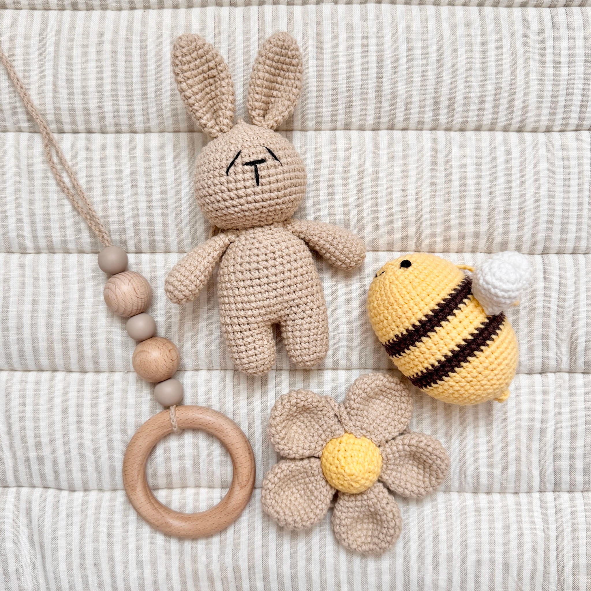 A nursery favourite, loved for its calm and modern aesthetic. Hand-crocheted bunny and bee toys come with soothing rattles inside, offering gentle sounds that encourage sensory development. Each piece is made from non-toxic materials, safe for little hands and mouths, in a neutral beige palette lifted with playful pops of yellow to brighten any space.
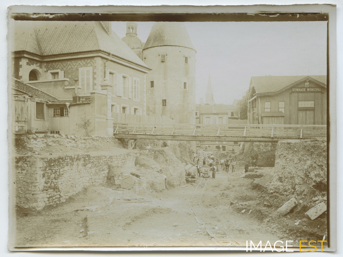 Déblai du réduit et démolition du mur du rempart au pied de la tour ouest de la porte de la Craffe et de l'ancien gymnase municipal à Nancy (Meurthe-et-Moselle), le 3 mai 1906. Une mention manuscrite au verso de cette photographie précise : " 648 - 3 mai 1906 - Travaux de déblai du réduit - au fond commencent des démolitions du rempart - 6 - 4 ". Présence d'ouvriers près du rempart et de rails pour le transport des gravats. Il existe une version plus contrastée de cette photographie avec une mention manuscrite au verso : " 648 - 3 mai 1906 - 4 - 2 -ar ".
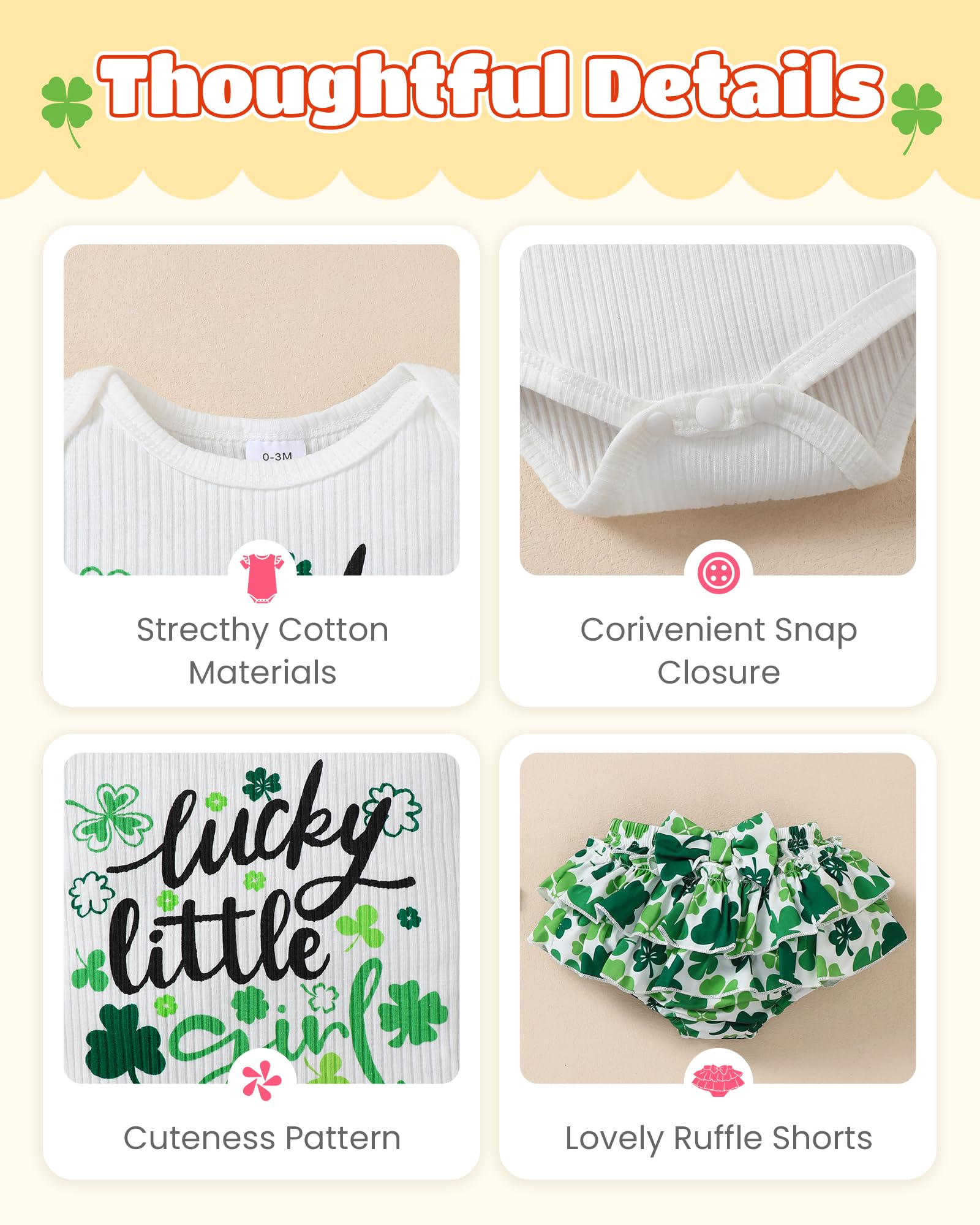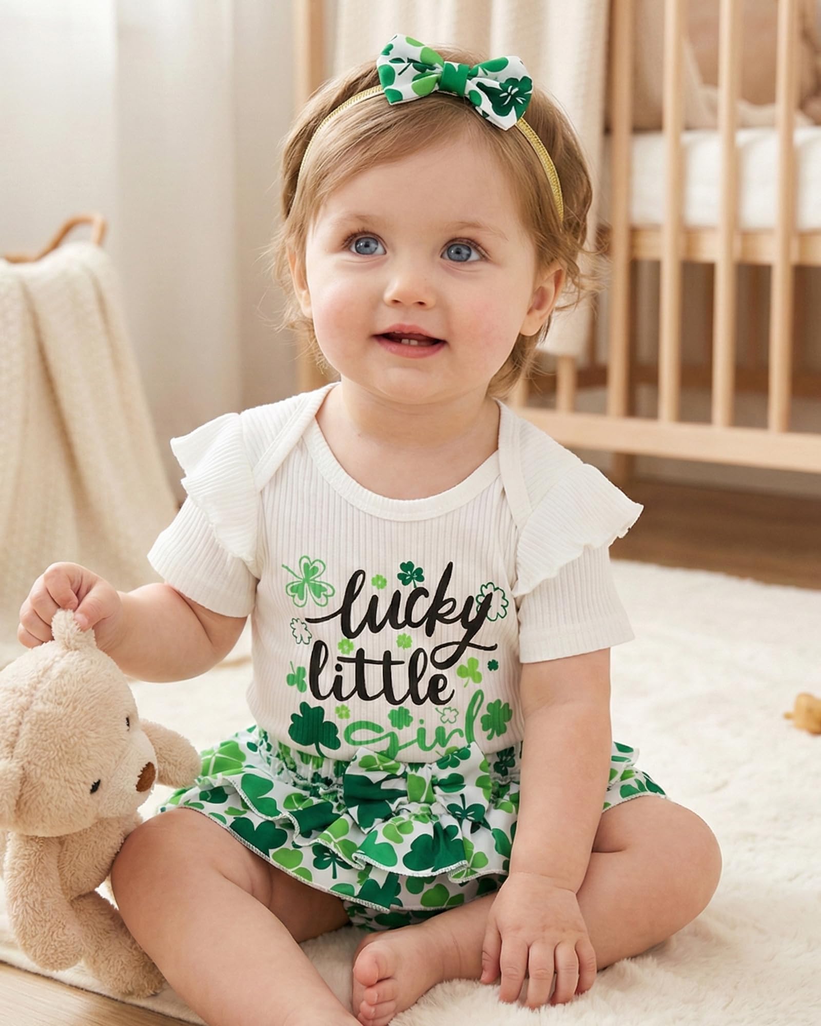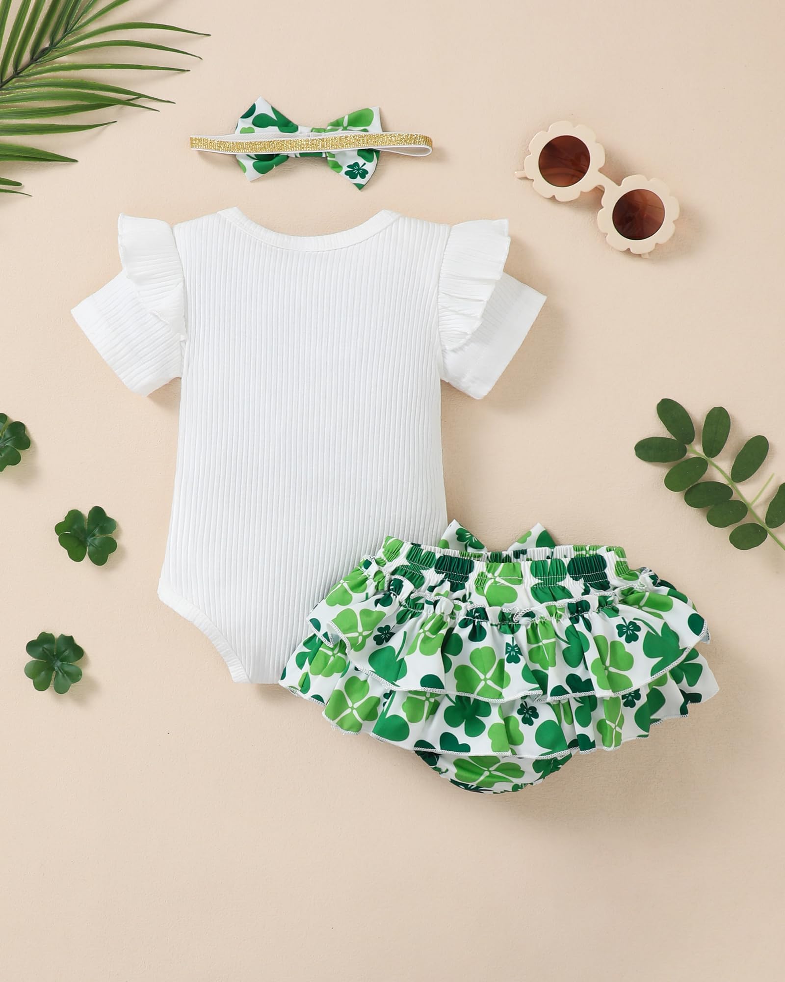 Novel Design: Lovely St. Patricks Day patterns express great love from family.Super soft and stretchy materials for comfortable dressing and sporting.Pure romper, ruffle princess shorts and matching headband create more appealing impression.Convenient Snap closure for easy diaper changes.
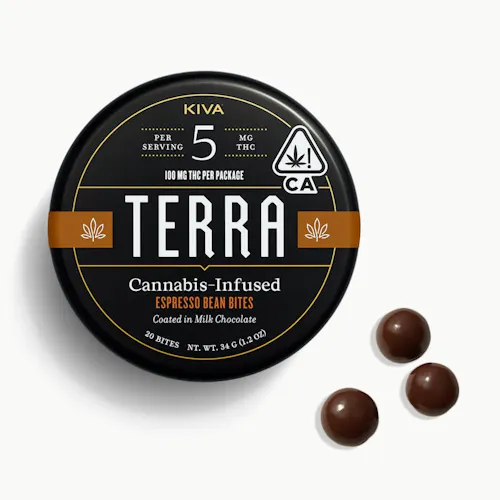 Kiva Terra Bites are crafted from micro-roasted Tanzanian coffe beans and coated in Kiva Dark Chocolate. With 5mg of THC per bite, Terra offers the most convenient dosing available. The reclosable container makes it easy to enjoy a little now, and with 100mg THC in each tin, a little later, too. 20 bites/ 5mg THC per bite. Allergy Warning: Contains milk. May contain traces of nuts
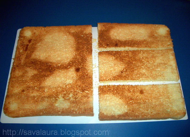 Taiati blatul in doua, si apoi fiecare jumatate in 3 bucati:

________

== REQUIRED WORK ==
Leave out the pictures and retype every line above exactly.

== FINAL ANSWER ==
 A nursery favourite, loved for its calm and modern aesthetic. Hand-crocheted bunny and bee toys come with soothing rattles inside, offering gentle sounds that encourage sensory development. Each piece is made from non-toxic materials, safe for little hands and mouths, in a neutral beige palette lifted with playful pops of yellow to brighten any space.
 Déblai du réduit et démolition du mur du rempart au pied de la tour ouest de la porte de la Craffe et de l'ancien gymnase municipal à Nancy (Meurthe-et-Moselle), le 3 mai 1906. Une mention manuscrite au verso de cette photographie précise : " 648 - 3 mai 1906 - Travaux de déblai du réduit - au fond commencent des démolitions du rempart - 6 - 4 ". Présence d'ouvriers près du rempart et de rails pour le transport des gravats. Il existe une version plus contrastée de cette photographie avec une mention manuscrite au verso : " 648 - 3 mai 1906 - 4 - 2 -ar ".
 Novel Design: Lovely St. Patricks Day patterns express great love from family.Super soft and stretchy materials for comfortable dressing and sporting.Pure romper, ruffle princess shorts and matching headband create more appealing impression.Convenient Snap closure for easy diaper changes.
 Kiva Terra Bites are crafted from micro-roasted Tanzanian coffe beans and coated in Kiva Dark Chocolate. With 5mg of THC per bite, Terra offers the most convenient dosing available. The reclosable container makes it easy to enjoy a little now, and with 100mg THC in each tin, a little later, too. 20 bites/ 5mg THC per bite. Allergy Warning: Contains milk. May contain traces of nuts
 Taiati blatul in doua, si apoi fiecare jumatate in 3 bucati:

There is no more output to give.